For the holidays, the American Cinematheque is serving up nine nights of belly laughs with its “Too Much Monkey Business: The Marx Bros., Abbott & Costello and the Three Stooges!” festival. The family-friendly retrospective, which begins tonight, includes 17 feature comedies and 14 short subjects starring three of the greatest movie comedy teams of all time. All were masters of slapstick and wordplay.
In the case of Bud Abbott and Lou Costello, it’s a rare chance to see any of the former vaudevillians’ comedy films from the 1940s and ‘50s on the big screen.

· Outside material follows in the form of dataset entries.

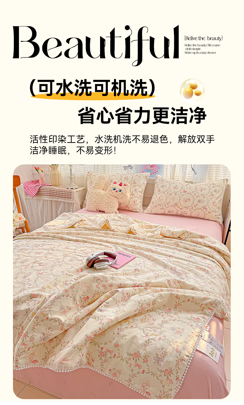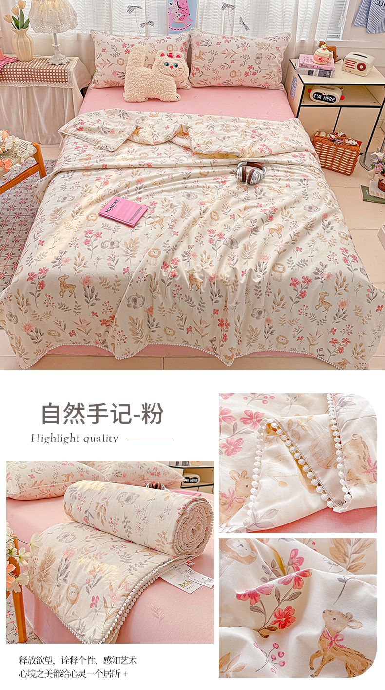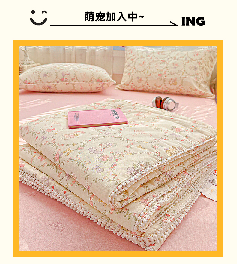 优被业 2026新款全棉韩式小球球款大豆夏被,夏被四件套,空调被(加微信送买家秀) 童话花町
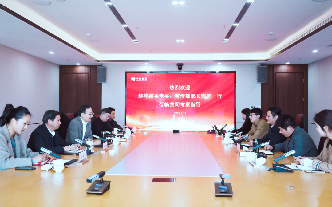 蚌埠市宣传部文化改革发展科一级科员张曼莉,禹会区昇荣集团投资部负责人沈磊等一行来访中徽集团考察交流,中徽集团总裁葛怀伟携集团高管陪同接待并参加会议。
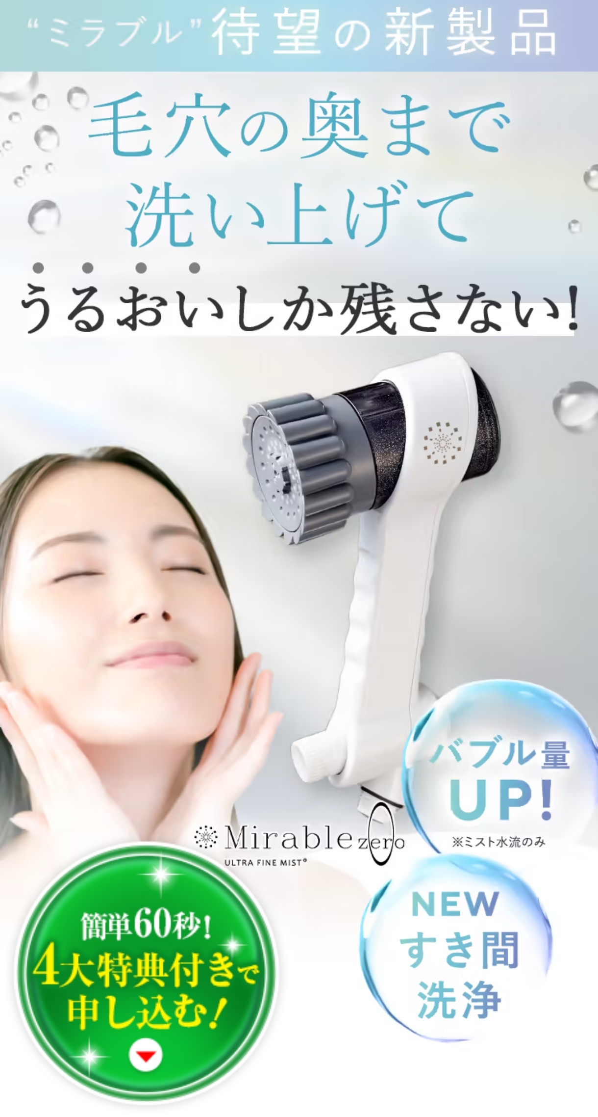 最大の特徴は、目に見えないほど微細な気泡「ウルトラファインバブル」を生成する独自の技術です。ミラブルzeroは、これまでの洗浄力に加え、新たに「口腔ケア」や「隙間洗浄」といった概念を取り入れました。ただ水を浴びるだけでなく、肌の水分量を整え、毛穴の奥の汚れを吸着して落とす。その圧倒的なテクノロジーの裏付けがあるからこそ、美容意識の高い層だけでなく、健康や清潔感を重視する幅広い世代から絶大な支持を得ています。
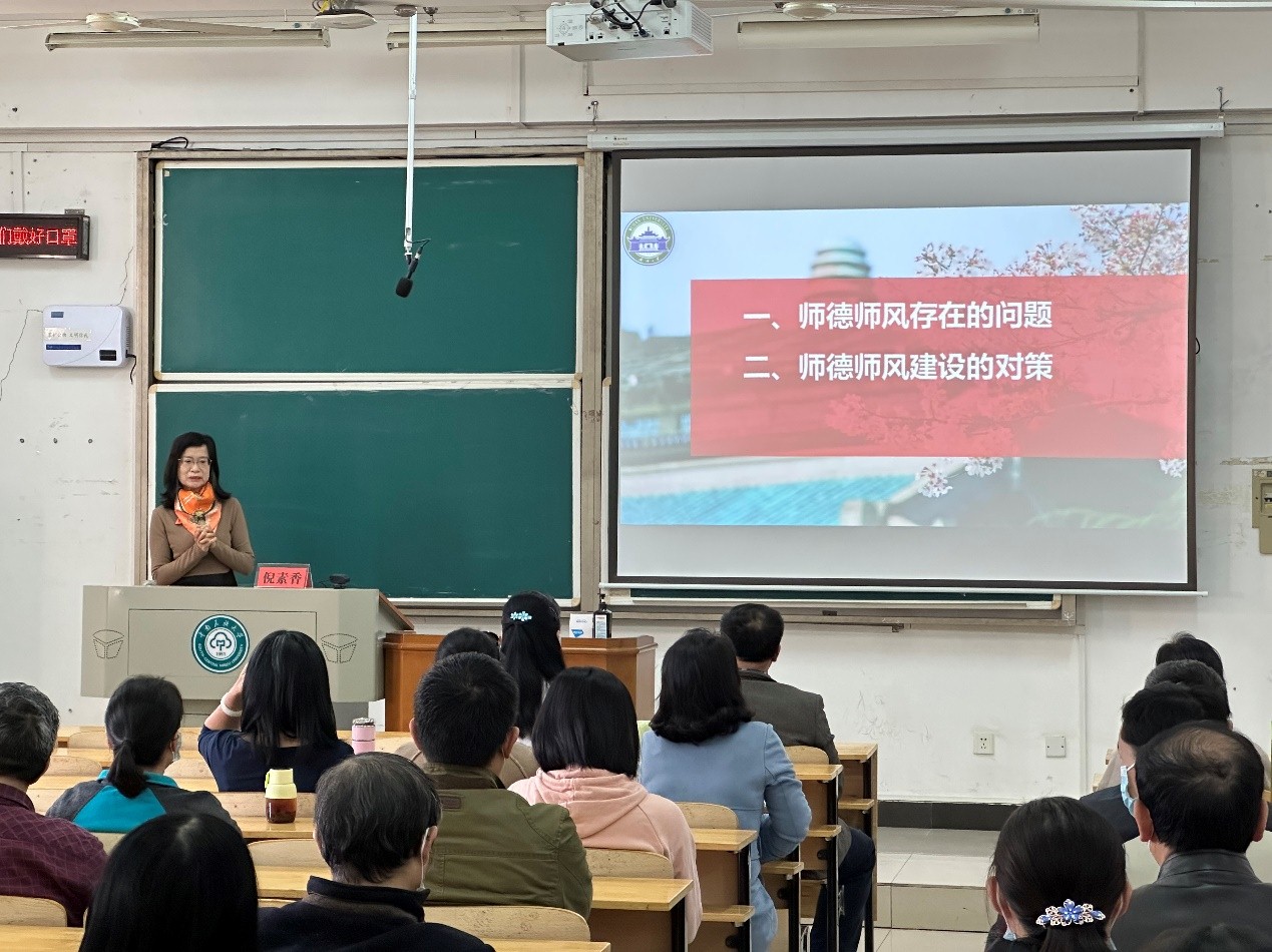 研討會(huì)上,四位教授分別以“論大學(xué)教師素養(yǎng)的提升”、“金課是怎樣煉成的”、“高校教師師德師風(fēng)存在的問題與對(duì)策”及“大學(xué)教師的師德建設(shè)”為題,圍繞教師綜合素養(yǎng)的提升、課堂教學(xué)與學(xué)術(shù)研究的深度融合、高校教師師德師風(fēng)失范問題剖析、師德的管理與建設(shè)等內(nèi)容進(jìn)行分享,教師們就相關(guān)問題與專家進(jìn)行了熱烈交流。
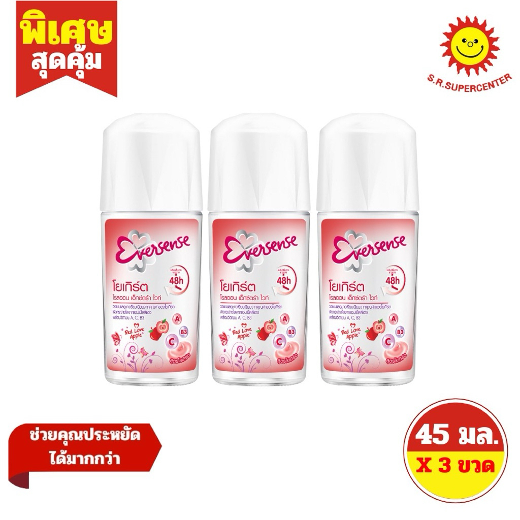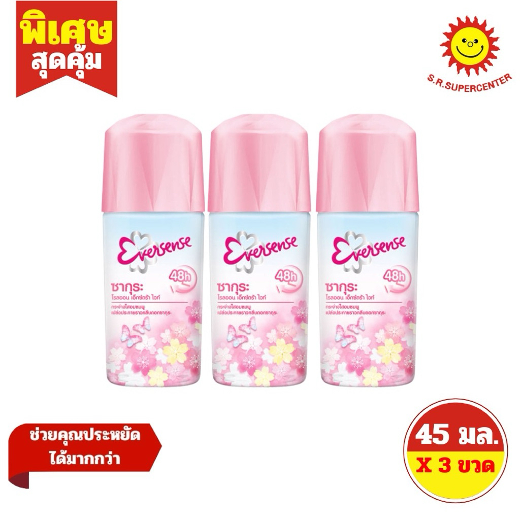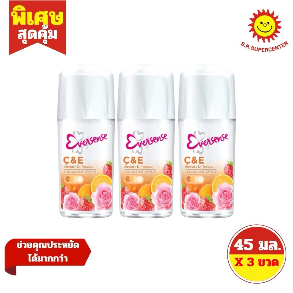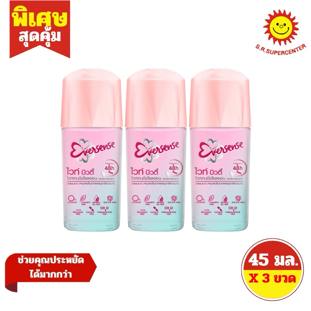 [3 ขวด ] Eversense เอเวอร์เซ้นส์ โรลออน ผลิตภัณฑ์ระงับกลิ่นกาย ขนาด 45 มล. (3ขวด) มี 8 สูตร
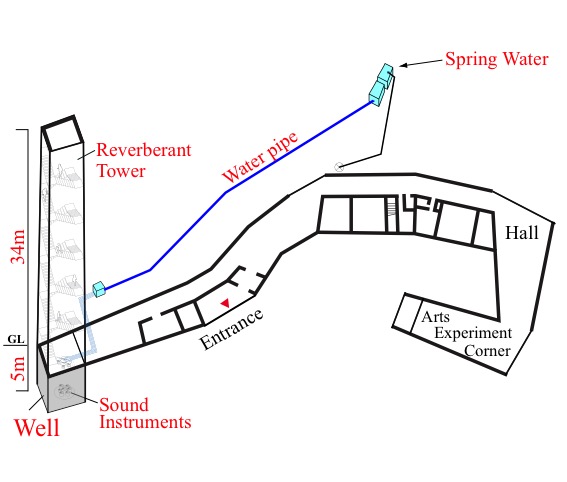 作者が独自開発した音具に対して、松之山の湧き水が水琴窟のような爽やかな音を創り出し、キョロロの塔の中を響き渡る。
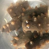 做法分解1:将海参切开,为了裹上汤汁入味。

“This is a unique opportunity to get reacquainted or get acquainted for the first time with Abbott & Costello,” says Mike Schlesinger, vice president of Sony Pictures Repertory, who programmed the Three Stooges shorts and made suggestions to the Cinematheque about the Abbott & Costello films. “They have really fallen off the radar. People don’t realize how funny they were.”

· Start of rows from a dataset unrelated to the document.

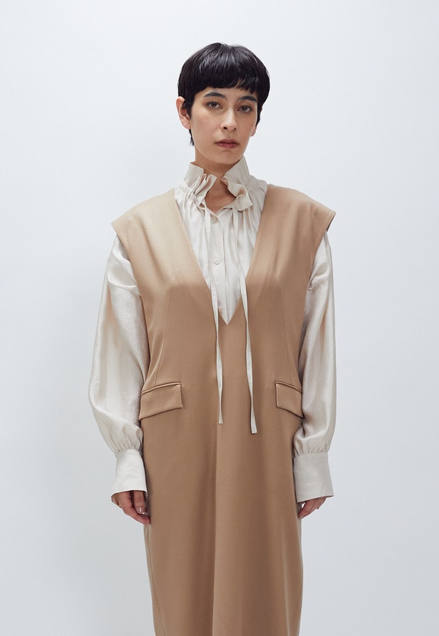 ニュアンスブラウスは襟元のギャザーを調節することで表情を変えることができ、オンオフ共にコーディネートしやすいアイテムです。
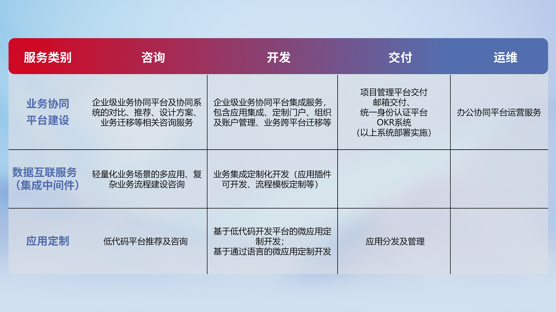 针对钉钉、、、企微、、、、IDaas等平台级产品提供产品的规划、、、、方案、、、交付、、、、定制化开发等服务,,,实现如统一协同办公、、、智能客户服务、、、、混合会议管理、、、、智能数据查询、、、、等业务场景,,实现数字化转型。。。
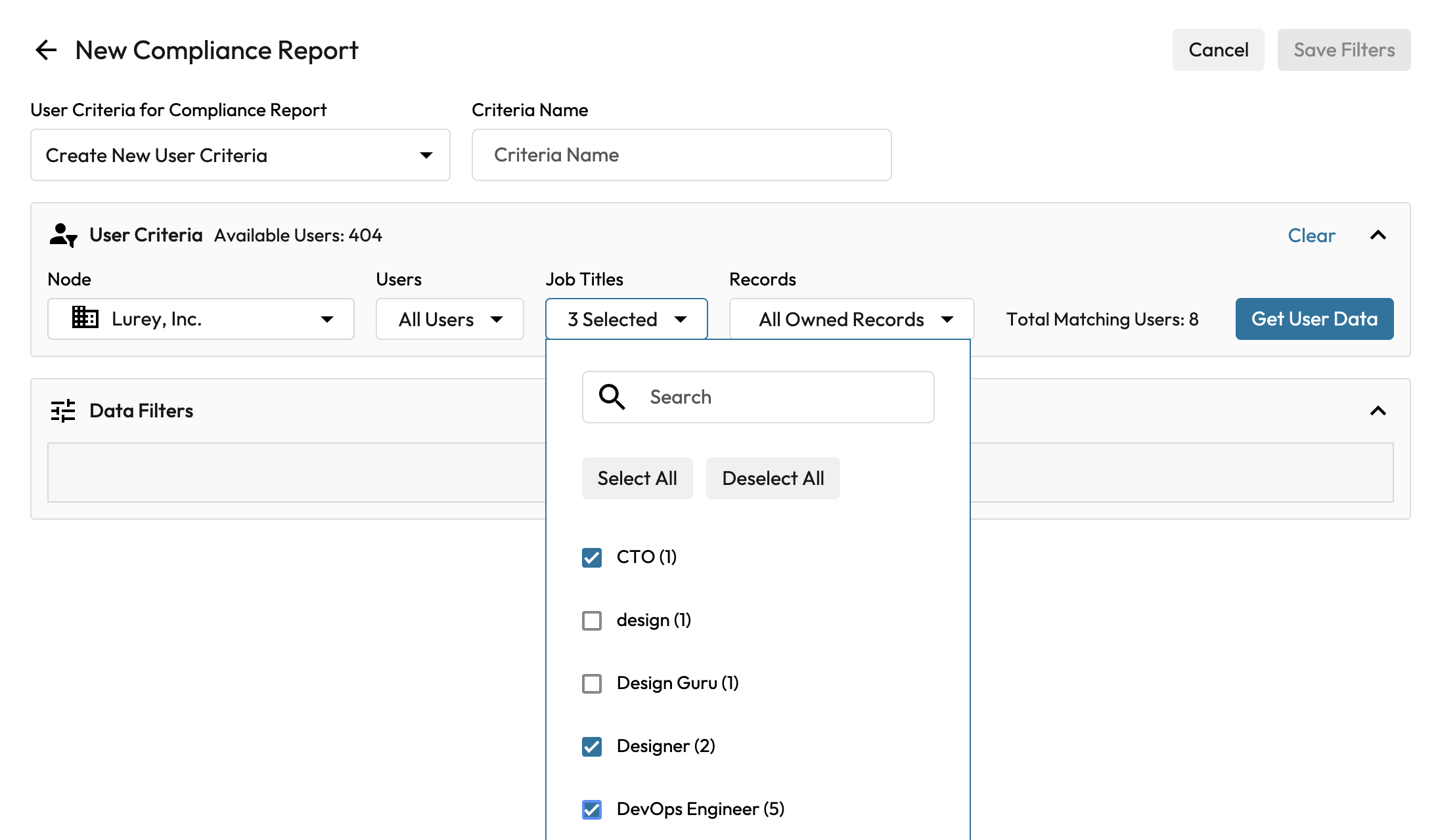 The “Node” selected will determine the report association and also the users available for the report. “Job Titles” are available if manually entered in user data or imported via a CSV file. In a future release, “Job Titles” will be available via import from an IdP using SCIM provisioning. “Records” may include all owned records or only those records which are owned and also shared.
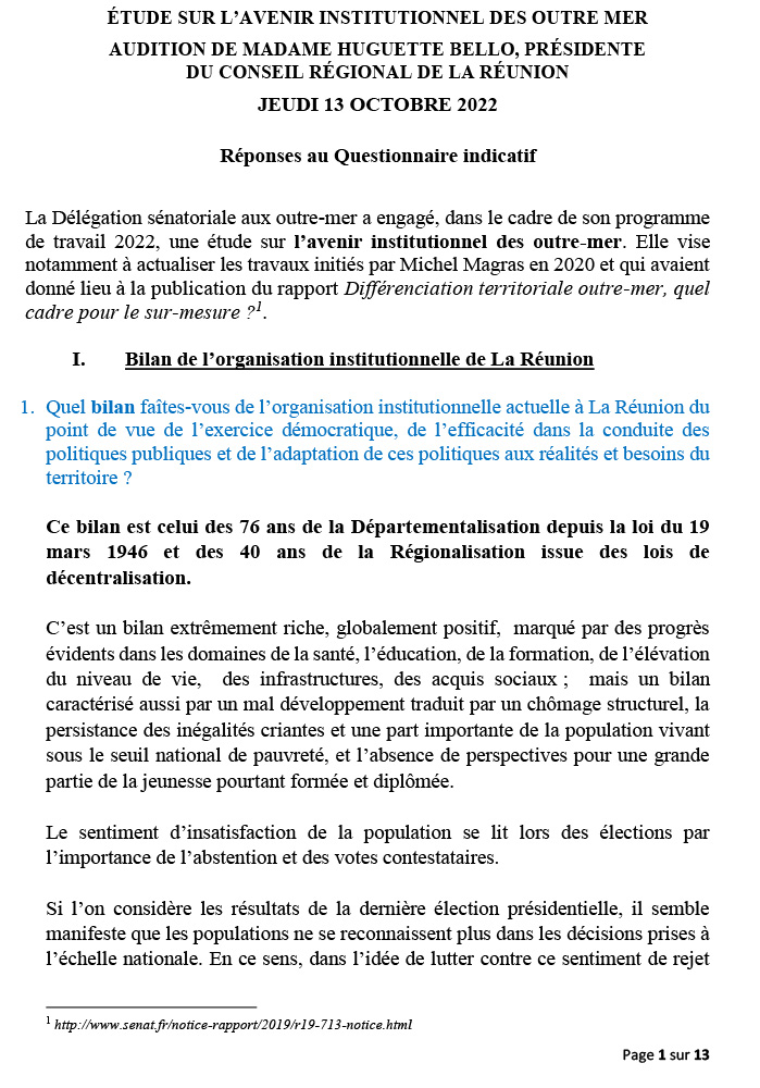 La Présidente de la Région Réunion a rappelé la position très claire qu’elle avait déjà exprimée devant la délégation sénatoriale sur l’avenir institutionnel des Outre-mer ( cf document joint) : la question centrale est celle de la réflexion sur la gouvernance et les moyens juridiques pour atteindre les objectifs de développement.
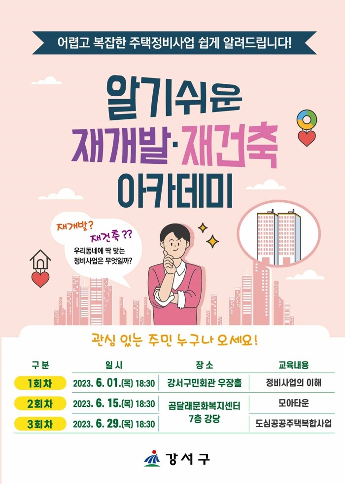 [시민일보 = 홍덕표 기자] 강서구는 재개발, 재건축에 대한 궁금증을 해결해 주기 위해 '알기 쉬운 재개발·재건축 아카데미'를 개최한다고 30일 밝혔다.

Perhaps best known for their baseball comedy sketch “Who’s on First?,” Abbott & Costello were the most popular movie comedy team of the 1940s and early 1950s. The festival will show some of their best vehicles, including 1941’s “In the Navy”; “Pardon My Sarong” and “Who Done It?,” both from 1942; and 1948’s “Abbott & Costello Meet Frankenstein.”
Chris Costello, daughter of Lou Costello, says that the comedy team’s films get far more exposure on the East Coast. “The whole eastern corridor of the United Sates, New York and New Jersey, they grew up with Abbott and Costello on [TV station] WPIX,” she says. “If you go back East, it’s like night and day. You have a festival and they come out in droves. Once a year I go back to Fort Lee, N.J., for the annual Abbott & Costello film festival, and it’s not just adults who come but adults bringing kids. They were New Jersey boys, and Dad especially never forgot his roots.”

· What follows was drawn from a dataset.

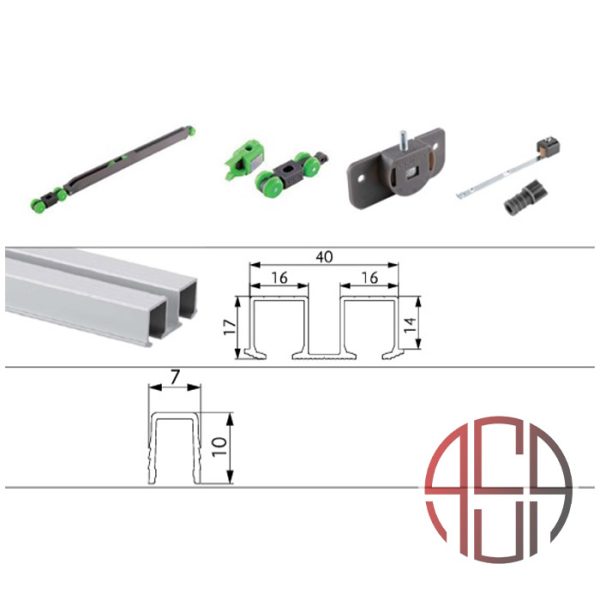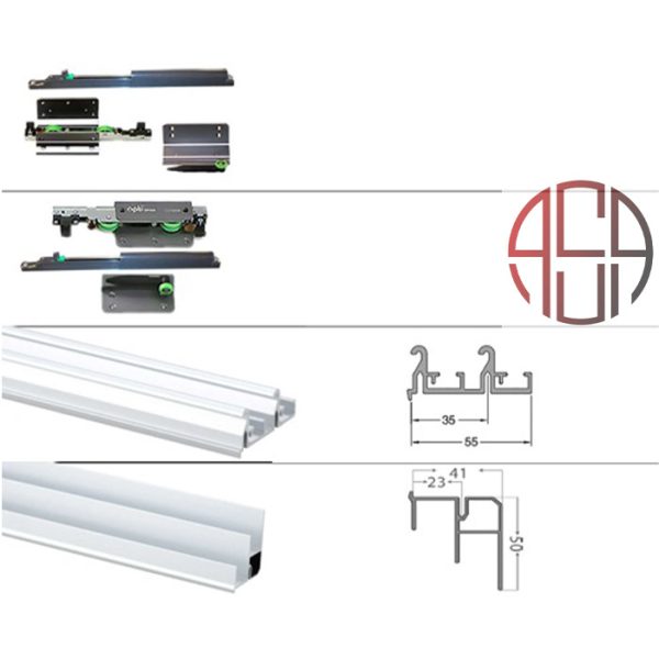 مکانیزم درب ریلی تاپ لاین 3000mm روکار دو درب فانتونی کد K025

At the recent Fort Lee festival, she says, fans told her that seeing the team’s movies gave them comfort.
“They see the world and how sad it’s become ... and they come into a theater to watch a black-and-white Abbott & Costello film, and it takes them back to their youth.
“I think what I appreciate about the comedy back then versus today is comedy today is very crude,” Costello adds. “You can’t take an entire family to it.”
“Nobody is making those kind of comedies anymore,” agrees Arthur Marx, son of Groucho Marx. “My father would be surprised [at the longevity of the films]. He was always discouraged with the movie business anyway. He retired because he didn’t want to make any more movies. He didn’t think anyone was interested in them. That’s why he went into television.”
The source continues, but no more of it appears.